The adverse reactions related to Nivolumab can be categorized as:

• Common Adverse Effects: Rash, pruritus, cough, upper respiratory tract infection, and peripheral oedema
• Less Common Adverse Effects: Complications of allogeneic hematopoietic stem cell transplantation, infusion-related reactions, and embryo-fetal toxicity.
• Rare Adverse Effects: Immune-mediated pneumonitis, colitis, hepatitis, endocrinopathies, dermatologic adverse reactions, nephritis, and renal dysfunction.

Reports on Postmarketing

Vogt-Koyanagi-Harada (VKH) syndrome; diseases of the eyes

Treatment-related side effects following allogeneic hematopoietic stem cell transplantation include severe acute and chronic graft versus host disease (GVHD) and treatment resistance.

pyrexia

Acute backache

A general decline in physical health

Discomfort in the abdomen

Pneumonia

Anemia

Pathology of hemophagocytic lymphohistiocytosis (HLH)

Autoimmune hemolytic anemia

• Pregnancy

Pregnancy Category D (FDA): Use in cases where no safer medication is available, and life is in danger. Positive evidence of prenatal risk in humans.

If given to a pregnant woman, there may be fetal damage according to its method of action and findings from animal studies.

There is no human data available to determine the risk linked with drugs.

Animal data

In investigations on animal reproduction, giving nivolumab to cynomolgus monkeys from the beginning of organogenesis until delivery caused a rise in abortions and the early death of babies.

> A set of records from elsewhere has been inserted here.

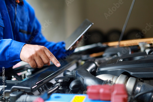 Mechanic standing inspecting car with laptop checking performance and operation of car. Maintenance topic for service, vehicle check up, customer service.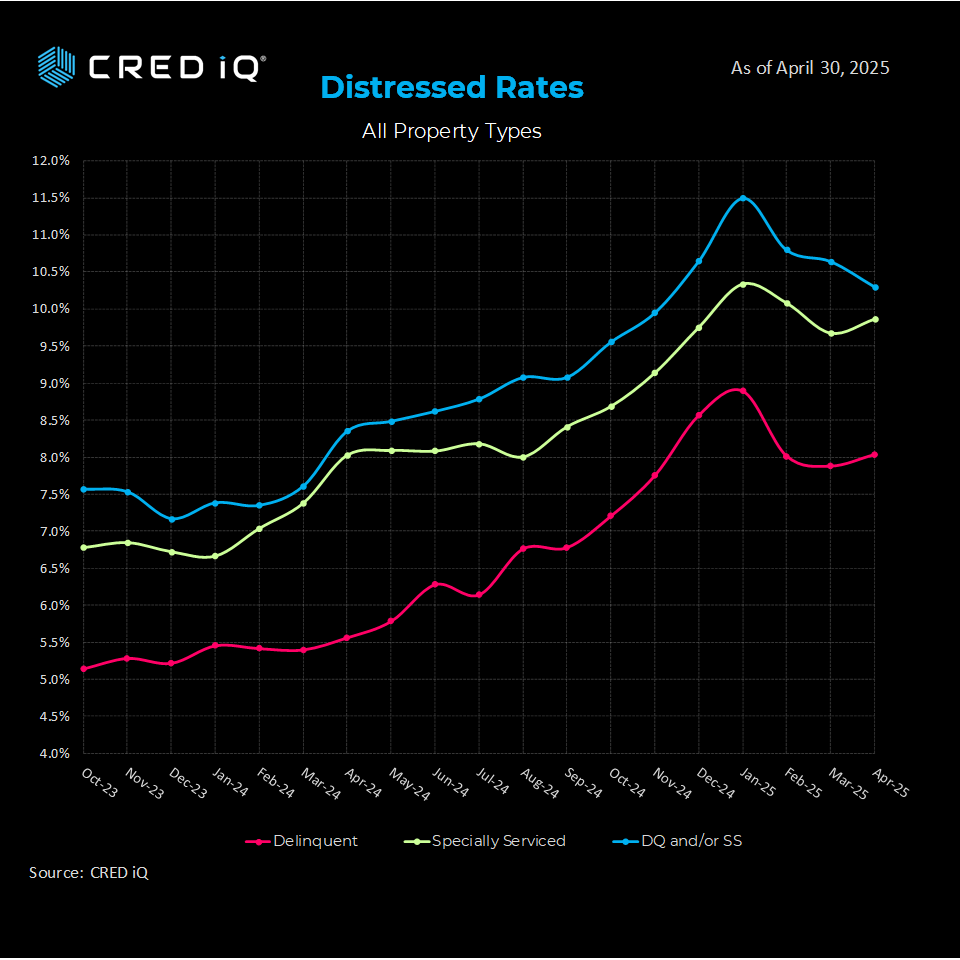 CRED iQ’s distress rate, a composite metric capturing loans 30+ days delinquent (or worse) and those in special servicing, fell by 30 basis points to 10.3% in the latest reporting period. This marks the third straight month of declines, signaling potential relief in the CRE sector after a period of heightened volatility. Despite this positive trend, the delinquency rate ticked up slightly from 7.9% to 8.0%, while the special servicing rate increased by 20 basis points to 9.9%. These upticks highlight the need for vigilance as underlying pressures persist.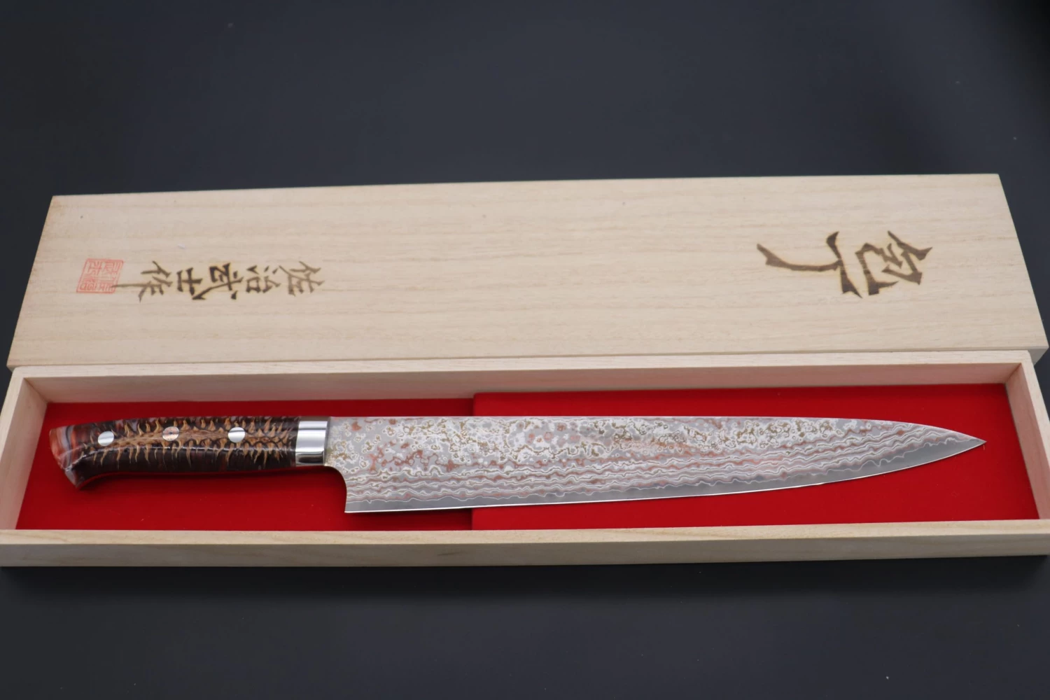 Each knife comes with a traditional Wooden Presentation Box that is inscribed with Takeshi Saji’s name.

Nivolumab is an immunoglobulin G4 (IgG4), and since human IgG4 is known to penetrate the placental barrier, there is a chance that the mother might pass Nivolumab to the growing fetus.

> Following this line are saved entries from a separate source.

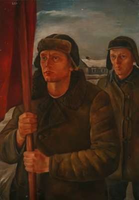 Naturalistic and at the same time surrealistic portraits of Lenin and Stalin painted by Vilnius artist of Karaite origin Bari Egiz are showcased in the exhibition. The faces are painted accurately, while the clothes seem to hand strangely as if there was no body underneath. The portraits of B. Egiz are most probably the only works in the exhibition that correspond to the dogmas of socialistic realism. Canvases of Leonardas Kazokas, Marija Cvirkienė, Vladas Jankauskas on the theme of work reflect the continued earlier tradition of painting. There are not many works from the period of 1940-1941 in museum funds. According to the exhibition curator, the most expressive examples of socialistic realism were destroyed by hands of authors themselves as soon as the noise of German motorbikes was heard in Kaunas streets.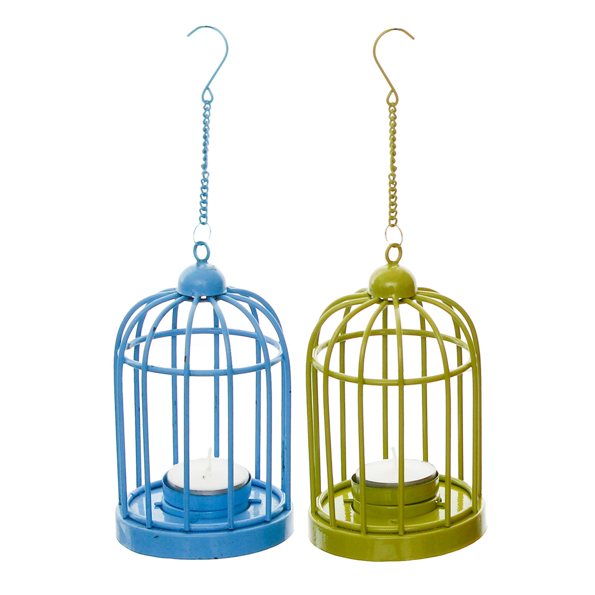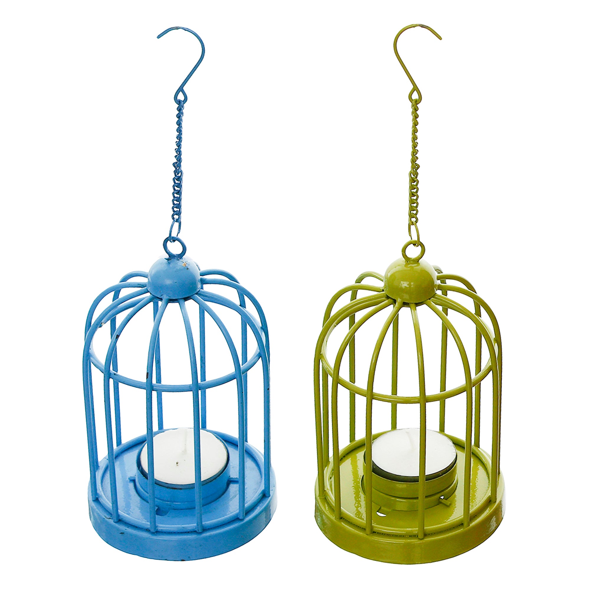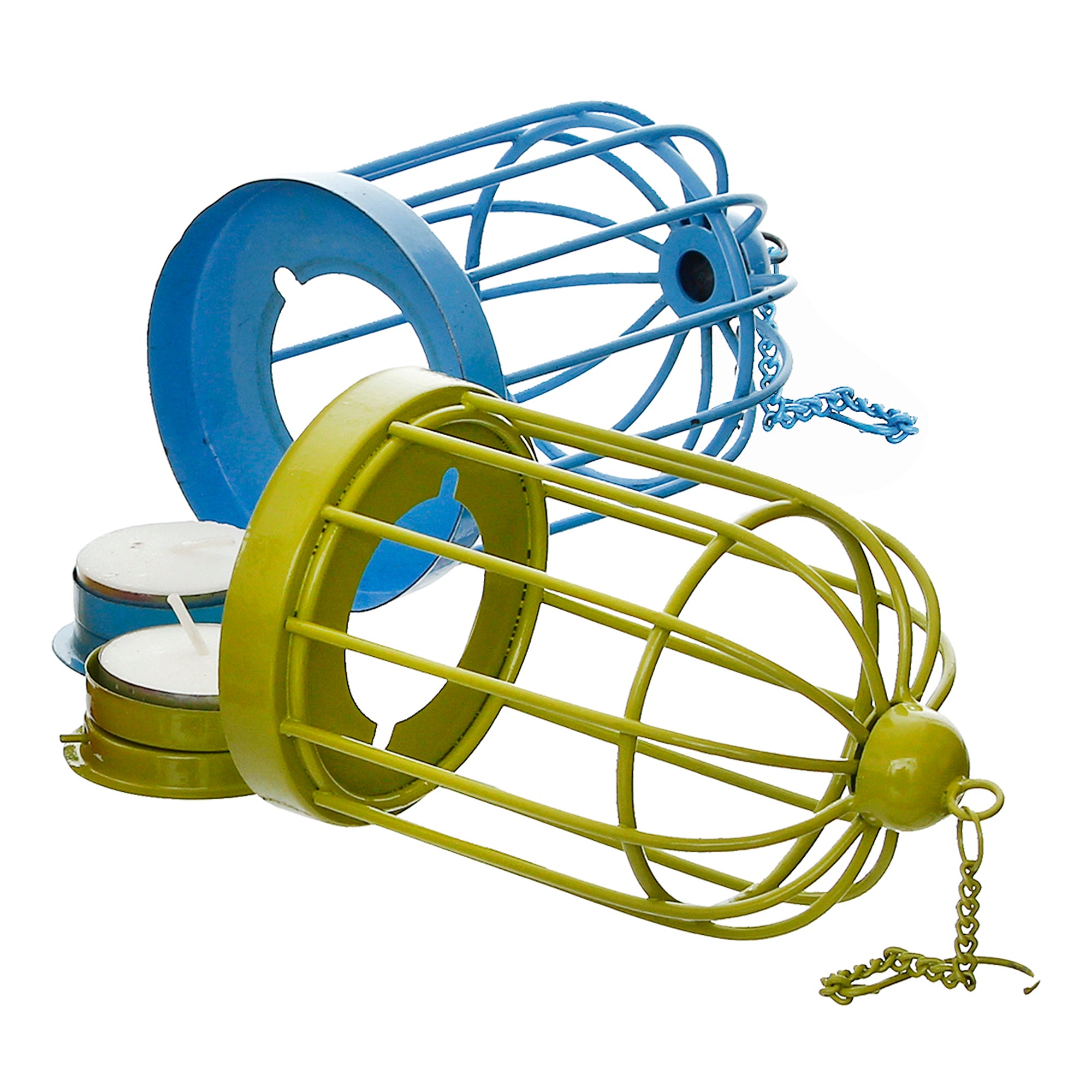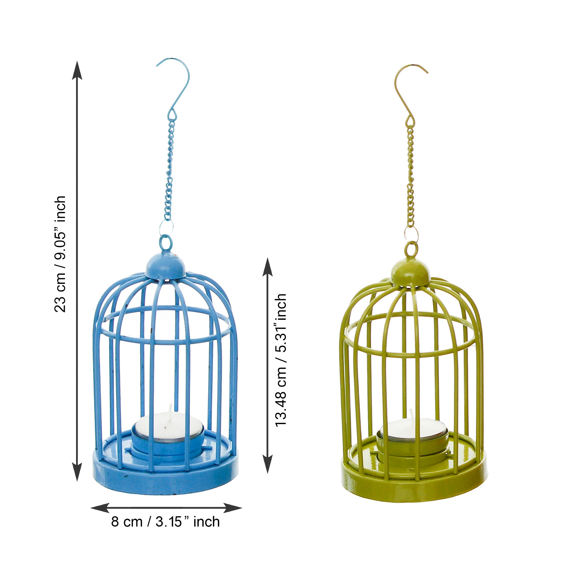 Package Content - One Set of 2 Blue and Green Cage Tea Light Holder With Hanging Chain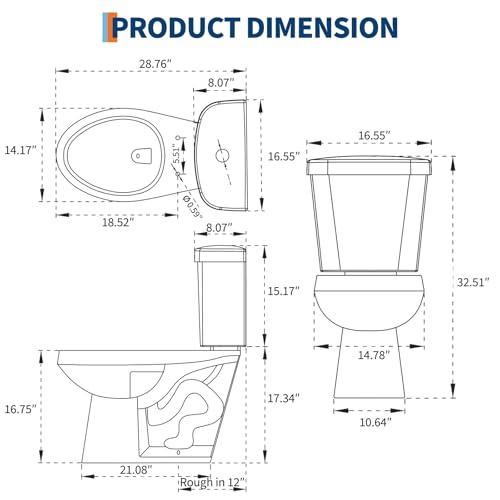 Water-Efficient Design: Toilet is engineered to be water-efficient without sacrificing performance. Its advanced flush technology uses a minimal amount of water per flush, 1.28 gallons, helping you conserve water while maintaining excellent flushing power.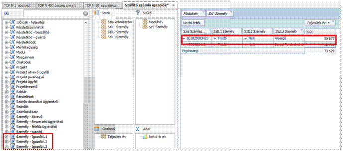 Tétel tematikában érhetők el Személy - Igazoló L1 és Személy - Igazoló L2 dimenziónévvel az Igazoló lapon található kis igazolók.

Nivolumab's effects are probably noticeable in the second and third trimesters of pregnancy.

Contraception

Potential fertile females: Before starting therapy, establish the pregnancy status; use effective contraception while taking nivolumab; and for at least 5 months following the last dose of therapy

• Nursing Mothers

There is no information available on nivolumab's presence in human milk, its effects on nursing children, or its impact on milk production. Recommend that women refrain from breastfeeding throughout therapy and for five months following the final dose of Nivolumab due to the potential of severe adverse effects in the breastfed infant.

• Pediatric Use

Nivolumab's safety and efficacy have been established in pediatric patients more than 12 years of age for the following indications: unresectable or metastatic melanoma as a single agent and in combination with ipilimumab; adjuvant treatment of wholly resected Stage IIB, Stage IIC, Stage III, or Stage IV melanoma as a single agent and in combination with ipilimumab; and MSI-H or dMMR mCRC that has progressed after treatment with a oxaliplatin, fluoropyrimidine, and irinotecan. Sufficient and well-conducted trials in adults with melanoma, MSI-H, or dMMR mCRC, as well as extra pharmacokinetic information in pediatric patients, support the use of nivolumab.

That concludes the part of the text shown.